Figure 5. Monoclonal IgM of a specificity unrelated to adenovirus reduces liver gene transfer by HDA vectors.

Figure 5

A) Representative photographs of light emission from the liver region of mice intravenously injected with 5×1010 vp/mouse 48 h prior to bioluminescence (left panel). When indicated, Rag1KO were pre-injected twice with 130 µg of monoclonal IgM of irrelevant specificity. The dot graph on the right shows quantitative data from the same experiment.

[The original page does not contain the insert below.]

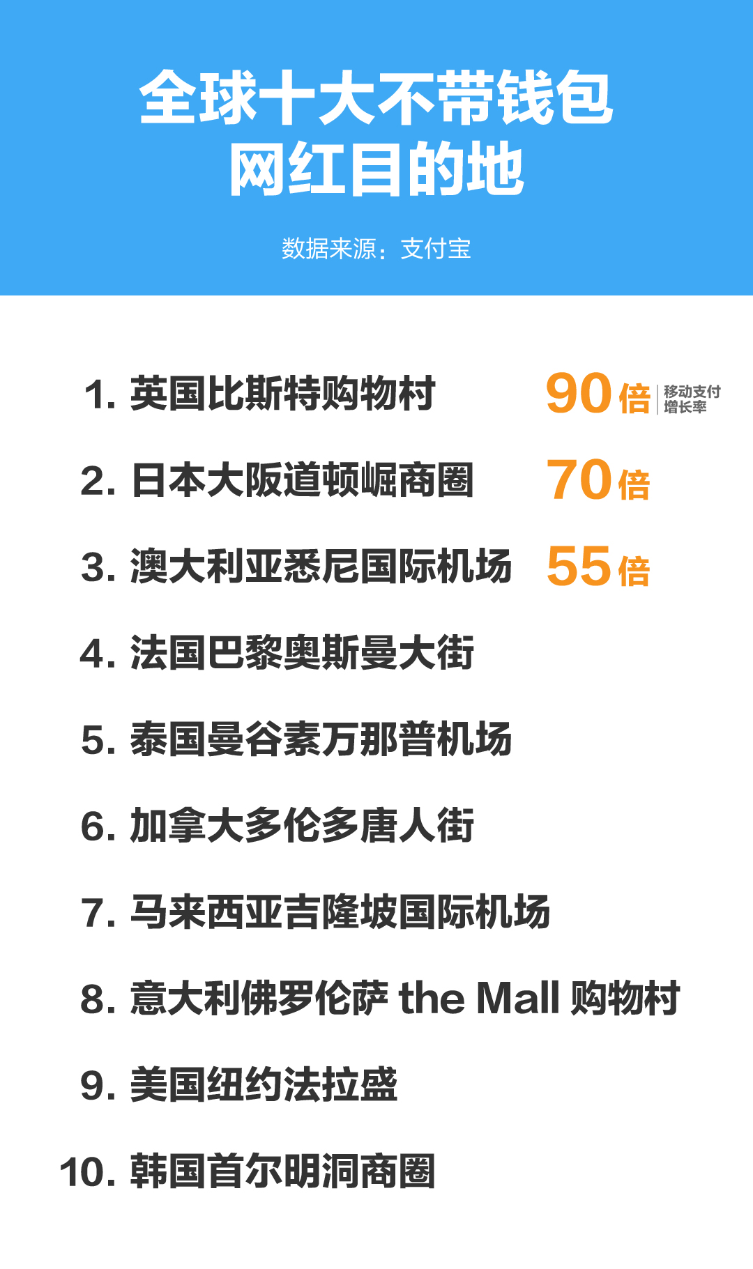 其余進(jìn)入增速最高前十大不帶錢包目的地依次為:日本大阪道頓崛商圈、澳大利亞悉尼國際機(jī)場、法國巴黎奧斯曼大街、泰國曼谷素萬那普機(jī)場、加拿大多倫多唐人街、馬來西亞吉隆坡國際機(jī)場、意大利佛羅倫薩THE MALL購物村、美國紐約法拉盛、韓國首爾明洞商圈。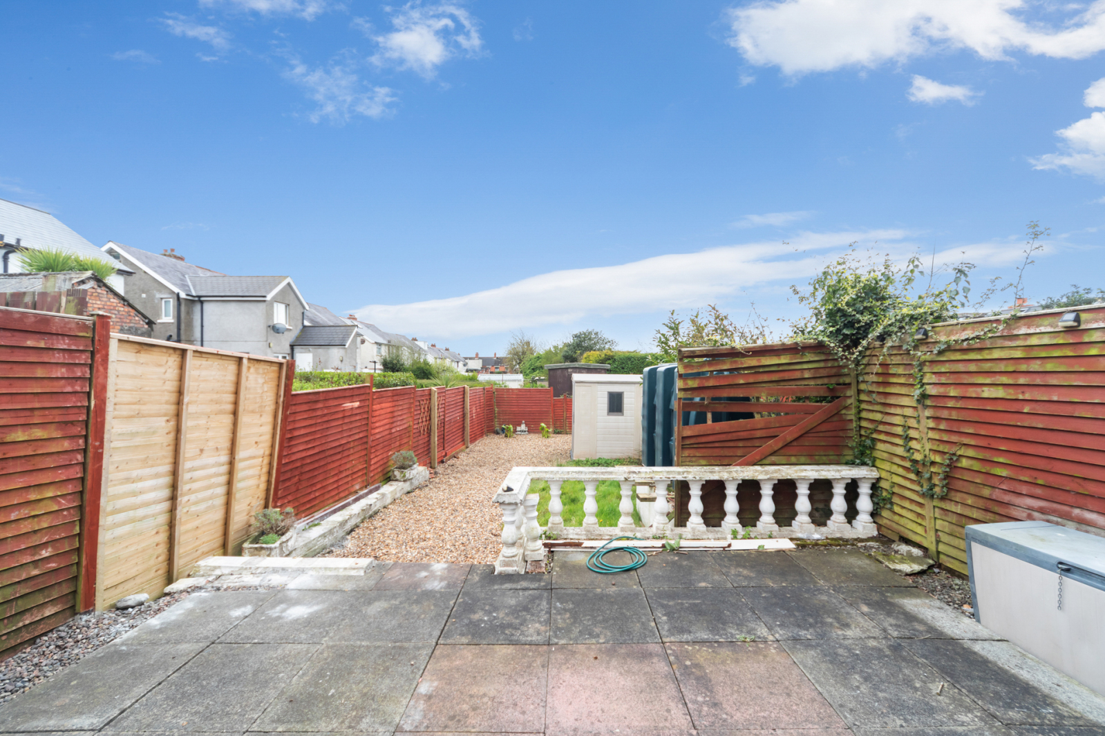 South facing garden, garden laid in lawn, patio area, boiler, shed and outside tap.

Experiments B and C were performed seven days following gene transfer with progressively reduced doses of HDA-luciferase (3.6×1010 vp/mouse and 2.2×109 vp/mouse, respectively). Gene transfer was assessed by measuring luciferase activity ex-vivo in homogenates from liver samples (left panel). The relative liver content of vector DNA was measured by quantitative PCR (right panel). WT, Wild-type; Rag1KO, BALB/C Rag1−/− (C.129S7(B6)-Rag1tm1Mom/J; pIgM, polyclonal immunoglobulin M; mIgM, monoclonal immunoglobulin M, mIgG, monoclonal immunoglobulin G.; HDA-luciferase, helper-dependent adenoviral vectors encoding luciferase; RLU, Relative Light Unit. Experiments were performed twice.